Building a packed file Extracting from a packed file
The second constructor is used to recover the source code files from a packed file. Here, the calling method doesn’t have to worry about skipping over the intermediate text. The file contains all the source-code files, placed end-to-end. All you need to hand to this constructor is the BufferedReader where the information is coming from, and the constructor takes it from there. There is some meta-information, however, at the beginning of each listing, and this is denoted by the packMarker. If the packMarker isn’t there, it means the caller is mistakenly trying to use this constructor where it isn’t appropriate.

Accessing and writing the listings
The next set of methods are simple accessors: directory( ), filename( ) (notice the method can have the same spelling and capitalization as the field) and contents( ), and hasFile( ) to indicate whether this object contains a file or not. (The need for this will be seen later.)

The final three methods are concerned with writing this code listing into a file, either a packed file via writePacked( ) or a Java source file via writeFile( ). All writePacked( ) needs is the DataOutputStream, which was opened elsewhere, and represents the file that’s being written. It puts the header information on the first line and then calls writeBytes( ) to write contents in a “universal” format.

Containing the entire collection of listings
It’s convenient to organize the listings as subdirectories while the whole collection is being built in memory. One reason is another sanity check: as each subdirectory of listings is created, an additional file is added whose name contains the number of files in that directory.

The main program
The previously described classes are used within CodePackager. First you see the usage string that gets printed whenever the end user invokes the program incorrectly, along with the usage( ) method that calls it and exits the program. All main( ) does is determine whether you want to create a packed file or extract from one, then it ensures the arguments are correct and calls the appropriate method.

When a packed file is created, it’s assumed to be made in the current directory, so the DirMap is created using the default constructor.
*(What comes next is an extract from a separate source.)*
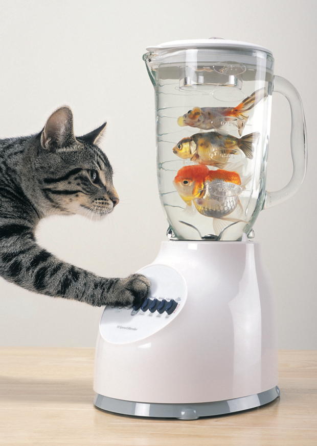 In einer modernen Küche versucht eine Katze, den Mixer zu bedienen, während darin mehrere Goldfische schwimmen und im Wasser umher schwimmen.

After the file is opened each line is read and examined for particular conditions:

  1. If the line starts with the starting marker for a source code listing, a new SourceCodeFile object is created. The constructor reads in the rest of the source listing. The handle that results is directly added to the DirMap.
  2. If the line starts with the end marker for a source code listing, something has gone wrong, since end markers should be found only by the SourceCodeFile constructor.

Checking capitalization style

Although the previous example can come in handy as a guide for some project of your own that involves text processing, this project will be directly useful because it performs a style check to make sure that your capitalization conforms to the de-facto Java style. It opens each .java file in the current directory and extracts all the class names and identifiers, then shows you if any of them don’t meet the Java style.

For the program to operate correctly, you must first build a class name repository to hold all the class names in the standard Java library. You do this by moving into all the source code subdirectories for the standard Java library and running ClassScanner in each subdirectory. Provide as arguments the name of the repository file (using the same path and name each time) and the -a command-line option to indicate that the class names should be added to the repository.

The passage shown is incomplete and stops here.